===== Supplied entries =====

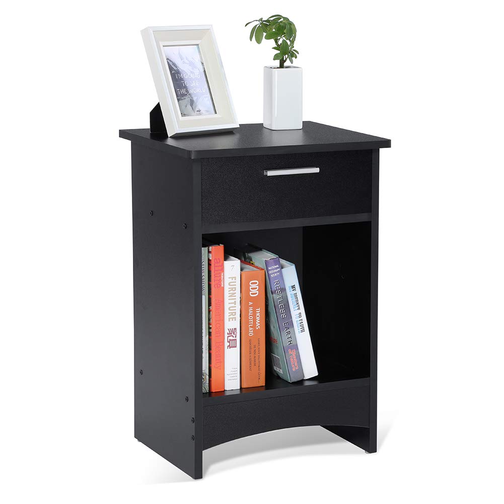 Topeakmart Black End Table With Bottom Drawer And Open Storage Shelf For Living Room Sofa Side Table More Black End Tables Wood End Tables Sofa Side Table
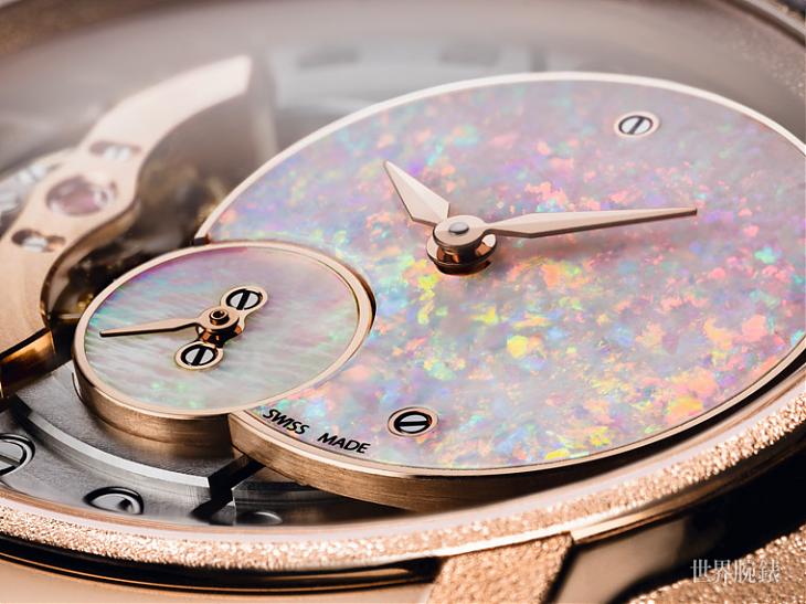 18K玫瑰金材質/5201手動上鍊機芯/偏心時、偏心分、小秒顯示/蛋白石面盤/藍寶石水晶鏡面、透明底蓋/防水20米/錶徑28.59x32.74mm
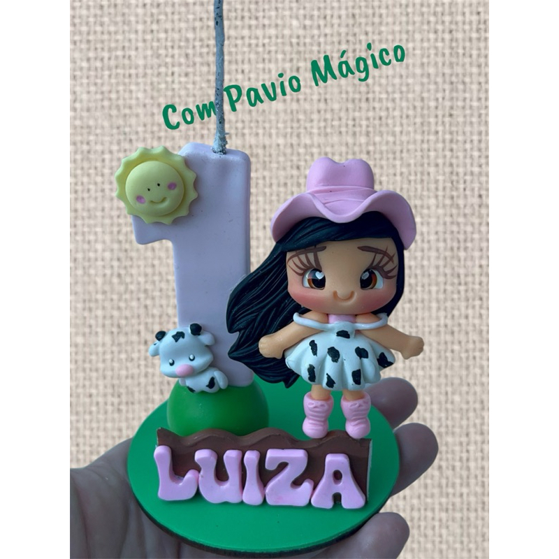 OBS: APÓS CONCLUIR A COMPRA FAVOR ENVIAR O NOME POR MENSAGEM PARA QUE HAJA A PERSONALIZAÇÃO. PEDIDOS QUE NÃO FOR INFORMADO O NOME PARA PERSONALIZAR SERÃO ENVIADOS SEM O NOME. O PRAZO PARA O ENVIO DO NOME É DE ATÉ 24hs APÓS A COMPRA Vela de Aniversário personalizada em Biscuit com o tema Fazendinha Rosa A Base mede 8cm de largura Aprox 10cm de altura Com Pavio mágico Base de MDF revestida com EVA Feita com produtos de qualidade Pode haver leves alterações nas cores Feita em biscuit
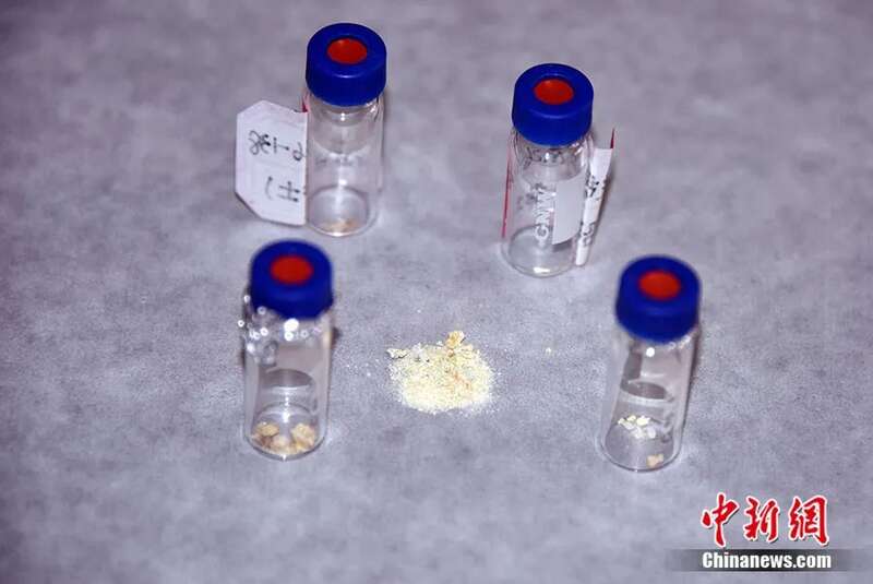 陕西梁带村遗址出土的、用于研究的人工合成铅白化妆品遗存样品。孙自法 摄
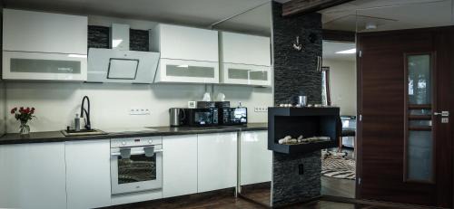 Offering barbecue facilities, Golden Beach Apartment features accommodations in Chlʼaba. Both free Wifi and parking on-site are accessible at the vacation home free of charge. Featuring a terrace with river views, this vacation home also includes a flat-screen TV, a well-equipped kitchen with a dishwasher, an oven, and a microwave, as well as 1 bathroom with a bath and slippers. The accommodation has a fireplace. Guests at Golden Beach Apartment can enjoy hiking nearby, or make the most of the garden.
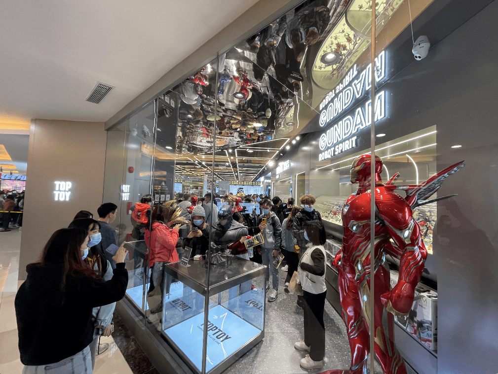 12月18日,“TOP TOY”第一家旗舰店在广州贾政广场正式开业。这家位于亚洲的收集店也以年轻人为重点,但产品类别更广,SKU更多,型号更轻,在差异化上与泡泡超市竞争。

=====

- _Task instructions_
All of the data above should be transcribed verbatim, with pictures omitted.

- _Your response_
 Topeakmart Black End Table With Bottom Drawer And Open Storage Shelf For Living Room Sofa Side Table More Black End Tables Wood End Tables Sofa Side Table
 18K玫瑰金材質/5201手動上鍊機芯/偏心時、偏心分、小秒顯示/蛋白石面盤/藍寶石水晶鏡面、透明底蓋/防水20米/錶徑28.59x32.74mm
 OBS: APÓS CONCLUIR A COMPRA FAVOR ENVIAR O NOME POR MENSAGEM PARA QUE HAJA A PERSONALIZAÇÃO. PEDIDOS QUE NÃO FOR INFORMADO O NOME PARA PERSONALIZAR SERÃO ENVIADOS SEM O NOME. O PRAZO PARA O ENVIO DO NOME É DE ATÉ 24hs APÓS A COMPRA Vela de Aniversário personalizada em Biscuit com o tema Fazendinha Rosa A Base mede 8cm de largura Aprox 10cm de altura Com Pavio mágico Base de MDF revestida com EVA Feita com produtos de qualidade Pode haver leves alterações nas cores Feita em biscuit
 陕西梁带村遗址出土的、用于研究的人工合成铅白化妆品遗存样品。孙自法 摄
 Offering barbecue facilities, Golden Beach Apartment features accommodations in Chlʼaba. Both free Wifi and parking on-site are accessible at the vacation home free of charge. Featuring a terrace with river views, this vacation home also includes a flat-screen TV, a well-equipped kitchen with a dishwasher, an oven, and a microwave, as well as 1 bathroom with a bath and slippers. The accommodation has a fireplace. Guests at Golden Beach Apartment can enjoy hiking nearby, or make the most of the garden.
 12月18日,“TOP TOY”第一家旗舰店在广州贾政广场正式开业。这家位于亚洲的收集店也以年轻人为重点,但产品类别更广,SKU更多,型号更轻,在差异化上与泡泡超市竞争。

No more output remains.